Note that full tracing is disabled by default in Darshan and this release does not change that — this is just a mechanism to allow DXT users more control over tracing.

Please report any questions, issues, or concerns using the Darshan-users mailing list, or by opening an issue on the Darshan GitLab page.

Darshan 3.1.7 release is now available

Darshan version 3.1.7 is now available for release HERE! This version addresses a few bug fixes in the prior Darshan release and also contains a couple of new features:

  • Bug fix in handling of DXT module data in the darshan-convert utility
    • Reported by Mahzad Khoshlessan
  • Bug fix in darshan-parser backwards compatibility: Darshan logs generated by Darshan versions prior to 3.1.0 may have included STDIO counters that were not properly up-converted
    • Reported by Teng Wang
  • Bug fix to MiB reported in I/O performance estimate of darshan-job-summary when both POSIX and STDIO data present
    • Reported/fixed by Glenn Lockwood
  • Added Darshan wrapper for ‘__open_2()’ call, needed for properly instrumenting open operations with some versions of gcc/glibc
    • Reported by Cormac Garvey
  • Added an instrumentation module for the MDHIM key/val storage system
  • Added support for properly handling ‘rename()’, ‘dup()’, ‘fileno()’, and ‘fdopen()’ operations in Darshan

Please report any questions, issues, or concerns using the Darshan-users mailing list, or by opening an issue on the Darshan GitLab page.

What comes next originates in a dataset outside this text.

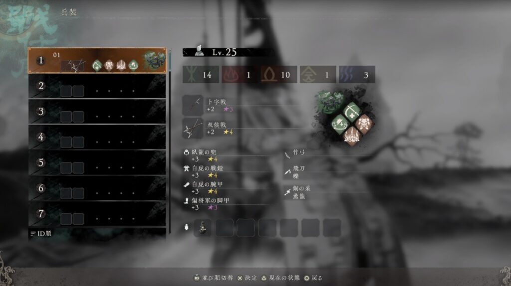 軍旗のところで「戦仕度」→「兵装」と選ぶと、各ステータス(能力値)のレベルや装備、仙術などはセットで保存ができるようになっています。これ無茶苦茶便利なので使ってない人は是非活用してみてください。

Darshan wins 2018 R&D 100 award

We are proud to announce that the Darshan team at Argonne National Laboratory has won a 2018 R&D 100 award!  This prestigious award is given to the 100 top technologies of the year as chosen by R&D Magazine.  We would like to sincerely thank the entire Darshan user community for supporting us and helping to make the project so successful!
For more information about the award please see the Darshan R&D 100 award news article at MCS.

Argonne National Laboratory’s R&D 100 award winning Darshan team: Kevin Harms (ALCF), Shane Snyder (MCS), Phil Carns (MCS), Rob Ross (MCS), and Rob Latham (MCS)

Phil Carns accepting the R&D 100 award at the 2018 R&D 100 banquet

Darshan at SC18

Stop by and check out the following events related to Darshan at SC18:

  • Glenn Lockwood et al. “A Year in the Life of a Parallel File System”, SC18 technical program paper.
  • Robert Latham et al. “Parallel I/O in Practice”, Tutorial.
  • Jakob Luettgau et al. “Toward Understanding I/O Behavior in HPC Workflows”, PDSW workshop paper.
  • Philip Carns et al. “Analyzing Parallel I/O”, Birds of a Feather session.